Gold’s secular bull market, which began at the 2000 bear market low, is still alive and well 25 years later, forming a new all-time high.

Let’s now look at several long-term quarterly charts, which really paint how bullish gold is and has been since the secular bull market began at the 2000 low. What I did on this quarterly bar chart was put a thin black rectangle around the late 1990s/2000 base, which shows time and price, and added it to the multi-year 2016 H&S consolidation pattern. My reasoning was that if that big base, which formed at the 2000 low, was almost identical in time and price to the 2016 H&S consolidation pattern, then gold should have enough energy to launch a similar 11-year bull market. As you can see, that scenario has been playing out beautifully since the right shoulder low.

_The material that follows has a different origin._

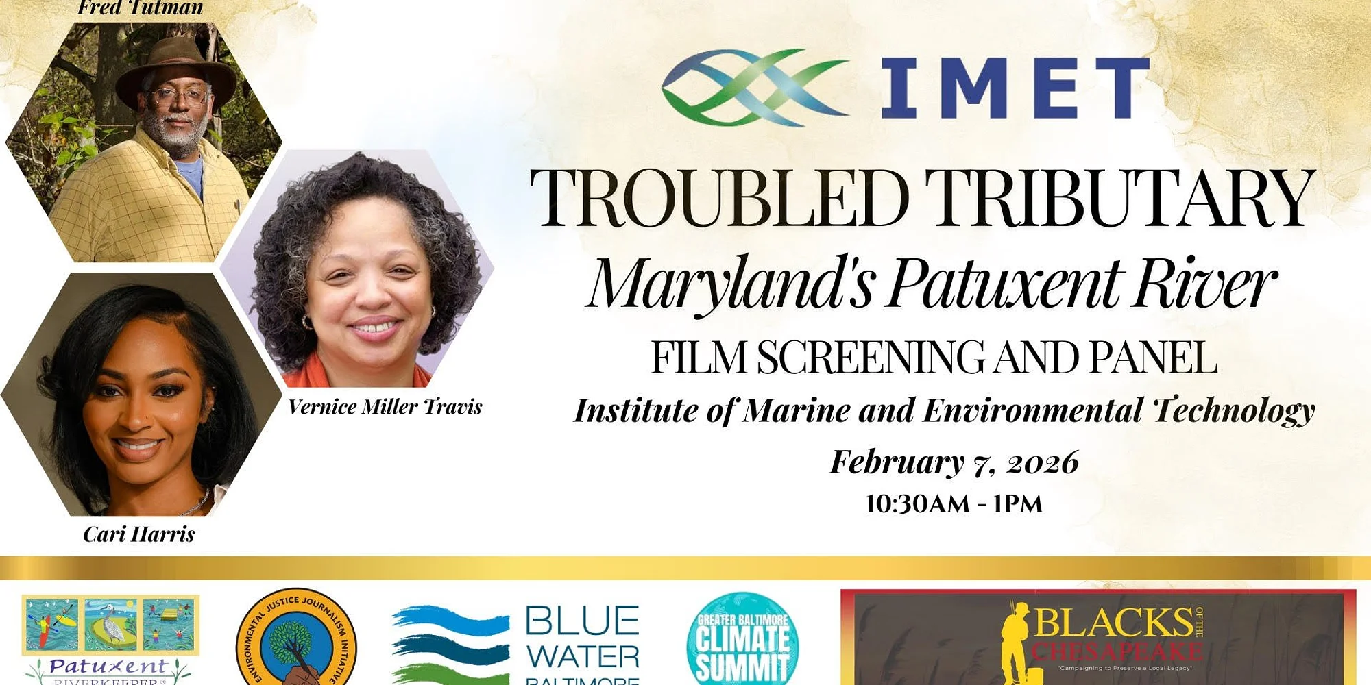 IMET is pleased to invite you to a special film screening and panel discussion, Troubled Tributary: Maryland’s Patuxent River, taking place at IMET on February 7, 2026, from 10:30 AM to 1:00 PM. This short documentary examines the environmental challenges facing the Patuxent River and highlights the vital role of community advocacy, science, and environmental justice in protecting Maryland’s waterways. The screening will be followed by a panel discussion featuring Fred Tutman (Patuxent Riverkeeper), Vernice Miller-Travis Miller Travis (Environmental Justice Pioneer), and Cari Harris (Founder of Greater Baltimore Climate Summit), who will share insights and engage in dialogue around environmental stewardship, people of color in the environmental justice movement, and solution driven environmental work.

At the end of December 2024, gold showed a very small decline, as shown on this quarterly line chart. For the month of January, you can see that gold began moving higher once again in a nice, smooth quarterly line chart rally. If you compare the current rally out of the expanding triangle—because this is a quarterly line chart and not a bar chart—you can see that this is the strongest, most vertical rally gold has experienced since the secular bull market began in 2000. Outside of the rally that led to the top in 1980, you are witnessing the second-strongest rally in the history of gold.

To really put gold’s bull market into perspective, below is a 50-year quarterly bar chart, which shows the 1980 high and the 20-year bear market that followed, ending at the 2000 low. That 20-year bear market formed a massive bullish falling wedge, which led to the current secular bull market that ran from the 2000 low to the 2011 high. From the 2011 high, gold went on to form the bullish rising wedge, which I’ve been calling a halfway pattern.

The long black arrows measures time and price, and so far, the angle of the 2000 to 2011 bull market is the same as the current rally phase, beginning at the blue arrow low. The current rally phase is actually a bit stronger than the 2000 to 2011 rally, as the current price action is sitting on top of the long black arrow. What are the odds that gold will top out at $12,100 in 2033? Only time will tell.

Let’s finish up by looking at several charts for silver, which is beginning to find some traction. Silver is set up just a bit differently than the rest of the PM complex. Since its 2020 high, silver has formed two very distinctive consolidation patterns. This weekly chart shows a very symmetrical H&S consolidation pattern, which has a minimum price objective up to the $40 area.

This long-term monthly chart shows silver’s secular bull market uptrend channel, which actually started about two years later than gold and the PM stocks indexes. Looking at the right side of the chart, you can see the dominant chart pattern we looked at earlier, which is the 2020 bullish expanding falling wedge. Note how close silver is trading to its previous high, made about 4 months ago. If that high is taken out, you would have to go back over ten years to see silver trade that high again.

I would like to show you two more very large consolidation patterns that are strongly suggesting that the PM complex will have many years to go in its secular bull market, which began in 2000.

This next chart is a combo chart, which has silver on top and gold below. I realize how hard it will be for many of you to grasp the significance of these 2011 H&S consolidation patterns, but we’ve been following these two H&S patterns since their right shoulder low.

As we know, gold has been much stronger than the rest of the PM complex, as shown by the up-sloping neckline vs. silver’s down-sloping neckline. Gold has been trading in new all-time high territory since breaking out from its neckline, vs. silver, which is only halfway to its all-time high at $50.

What is interesting about these two very similar 2011 H&S patterns, with different sloping necklines, is that they both broke out above their respective necklines at about the same time, which I find pretty amazing.